[geeks] Fwd: [IP] Interesting speculation on the tech behind gmail

Charles Shannon Hendrix shannon at widomaker.com
Sat Apr 10 23:46:06 CDT 2004


Wed, 07 Apr 2004 @ 18:14 +0100, Mike Meredith said:

> On Wed, 7 Apr 2004 08:22:46 -0400 (EDT), Sandwich Maker wrote:
> > "> The most obvious challenge is the storage. You can't lose people's 
> > "> email, and you don't want to ever be down, so data has to be 
> > "> replicated. RAID is no good; when a disk fails, a human needs to 
> > "> replace the bad disk, or there is risk of data loss if more disks 
> > "> fail.
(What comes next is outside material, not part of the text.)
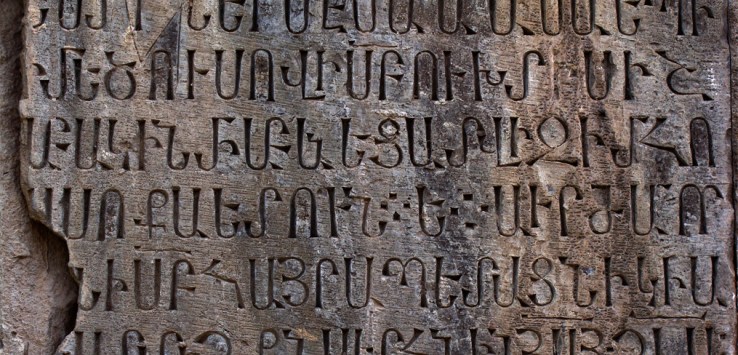 Armenian is the official language in Armenia. The Armenian language belongs to the family of Indo-European languages. It is a separate branch of this family and is one of the ancient written languages. The unique Armenian alphabet was created by Mesrop Mashtots in 405 AD. The Armenian medieval manuscript by St. Mesrop Mashtots has become a solid foundation of the national language and culture. The manuscript heritage of the Armenians numbers over 23 thousand manuscripts, which are stored in the Yerevan Matenadaran - the Institute of Ancient Manuscripts, bearing the name of the inventor of the Armenian letters, Mesrop Mashtots, as well as in book depositories and libraries in Jerusalem, Vienna, Venice, London and other places.

One imagines the old ENIAC technician running up and down the
> > 
> > this is so glibly wrong.
> 
> Well except in one bit accidentally ... with a large enough number of
> disks you will need someone running around replacing the failed ones on
> a full-time basis.

I'm not so sure.

Drive density is tremendous now, and a petabyte fits in a smaller space
than it used to.  With hot spares and maybe also redundancy among RAIDs,
you should only have to do drive replacement at scheduled intervals.

Large IBM mainframes were using robots for drive media over 20 years
ago.  I would not be at all surprised to see really huge RAID farms do
something like that.  Certainly at some point it becomes cost effective.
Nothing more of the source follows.